━━━ The records

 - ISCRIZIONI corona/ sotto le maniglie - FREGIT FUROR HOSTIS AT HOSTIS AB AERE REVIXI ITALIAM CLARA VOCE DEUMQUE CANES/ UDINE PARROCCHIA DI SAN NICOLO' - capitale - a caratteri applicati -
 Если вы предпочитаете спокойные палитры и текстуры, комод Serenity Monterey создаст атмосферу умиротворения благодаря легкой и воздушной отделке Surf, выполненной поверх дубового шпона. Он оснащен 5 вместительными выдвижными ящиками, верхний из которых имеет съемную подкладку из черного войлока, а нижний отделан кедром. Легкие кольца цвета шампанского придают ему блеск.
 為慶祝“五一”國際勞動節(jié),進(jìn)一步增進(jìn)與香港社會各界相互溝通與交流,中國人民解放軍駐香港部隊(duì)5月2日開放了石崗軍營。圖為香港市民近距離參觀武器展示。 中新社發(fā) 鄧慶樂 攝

━━━━━━
━━━ The records

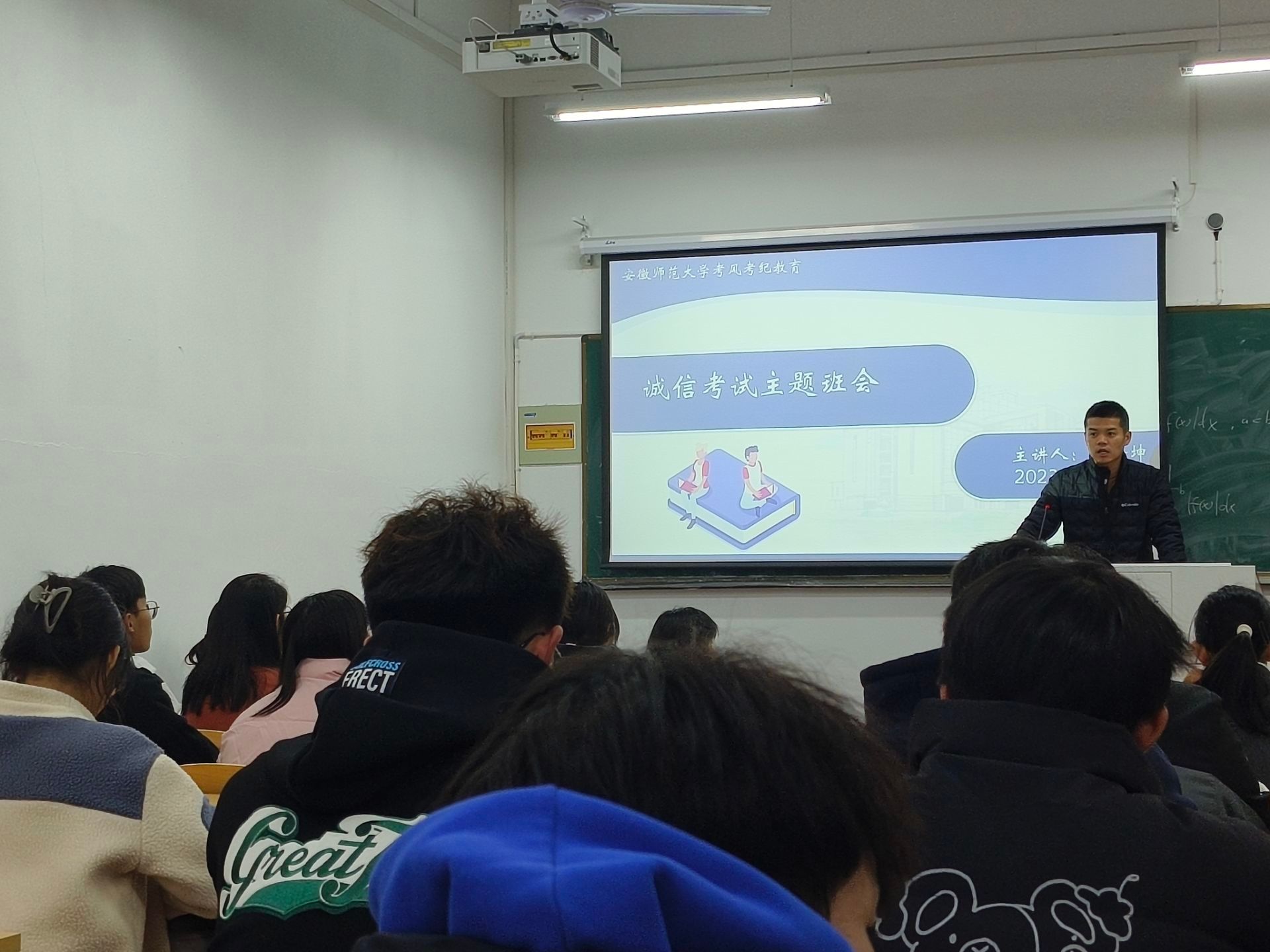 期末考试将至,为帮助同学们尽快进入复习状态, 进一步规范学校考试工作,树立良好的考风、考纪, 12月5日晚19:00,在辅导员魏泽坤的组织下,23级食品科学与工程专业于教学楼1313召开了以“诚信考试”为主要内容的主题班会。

━━━━━━

- **Problem**: Look above for the line holding "- ISCRIZIONI corona/" and the line holding "中新社發(fā) 鄧慶樂 攝", then output exactly those two lines and every line between them, nothing more.

- **Solution to this task**:
 - ISCRIZIONI corona/ sotto le maniglie - FREGIT FUROR HOSTIS AT HOSTIS AB AERE REVIXI ITALIAM CLARA VOCE DEUMQUE CANES/ UDINE PARROCCHIA DI SAN NICOLO' - capitale - a caratteri applicati -
 Если вы предпочитаете спокойные палитры и текстуры, комод Serenity Monterey создаст атмосферу умиротворения благодаря легкой и воздушной отделке Surf, выполненной поверх дубового шпона. Он оснащен 5 вместительными выдвижными ящиками, верхний из которых имеет съемную подкладку из черного войлока, а нижний отделан кедром. Легкие кольца цвета шампанского придают ему блеск.
 為慶祝“五一”國際勞動節(jié),進(jìn)一步增進(jìn)與香港社會各界相互溝通與交流,中國人民解放軍駐香港部隊(duì)5月2日開放了石崗軍營。圖為香港市民近距離參觀武器展示。 中新社發(fā) 鄧慶樂 攝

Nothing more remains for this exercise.